"Thought you might feel a little lonely over there, Ricky-ticky," said she.

Poppy was in spirits. If she had yielded to the glad impulse of her heart, she would have stood on one foot and twirled the other over Ricky-ticky's head. But she restrained herself. Somehow, before Ricky-ticky, Poppy never played any of those tricks that delighted Mr. Pilkington and other gentlemen of her acquaintance. She merely sat on the table. She was in her ballet-dress, and before sitting on the table she arranged her red skirts over her black legs with a prodigious air of propriety. Poppy herself did not know whether this meant that she wanted Ricky-ticky to think her nice, or whether she wanted to think Ricky-ticky nice. After all, it came to the same thing; for to Poppy the peculiar charm of Ricky-ticky was his innocence.

The clock on St. Pancras church struck half-past eleven; in his hanging cage in the front room, behind his yellow gauze curtain, Poppy's canary woke out of his first sleep. He untucked his head from under his wing and chirrupped drowsily.

"Oh, dicky," said Poppy, "it's time you were in your little bed!"

He did not take the hint. He was intent on certain movements of Poppy's fingers and the tip of her tongue concerned in the making of cigarettes.

He was gazing into her face as if it held for him the secret of the world. And that look embarrassed her. It had all the assurance of age and all the wonder of youth in it. Poppy's eyes were trained to look out for danger signals in the eyes of boys, for Poppy, according to those lights of hers, was honest. If she knew the secret of the world, she would not have told it to Ricky-ticky; he was much too young. Men, in Poppy's code of morality, were different. But this amazing, dreamy, interrogative look was not the sort of thing that Poppy was accustomed to, and for once in her life Poppy felt shy.

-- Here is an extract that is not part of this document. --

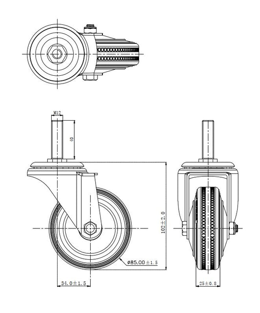 Ø 85 mm | Zestaw kołowy, koło obrotowe bez hamulca: metal guma, mocowane na śrubę, łożysko wałeczkowe, nośność 60 kg | 4008-85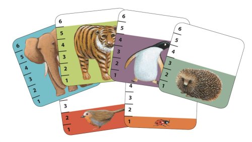 Zábavná hra Kto z koho. Ktoré zviera má väčšiu silu? Hráči postupne otáčajú karty zo svojho balíka a ten, kto má na obrázku väčšie zviera, berie karty ostatných. Na každej karte je vyznačený meter, takže aj malé deti jednoducho spoznajú, ktoré zviera prebíja ostatných. Vhodné pre deti vo veku 3-6 rokov

"I say, Rickets, there goes a quarter to twelve. Did I wake him out of his little sleep?"

Poppy talked as much to the canary as to Rickets, which made it all quite proper. As for Rickman, he talked hardly at all.

"You'll have to go in ten minutes, Rick." And by way of softening this announcement she gave him some champagne.

He had paid no attention to that hint either, being occupied with a curious phenomenon. Though Poppy was, for her, most unusually stationary, he found that it was making him slightly giddy to look at her.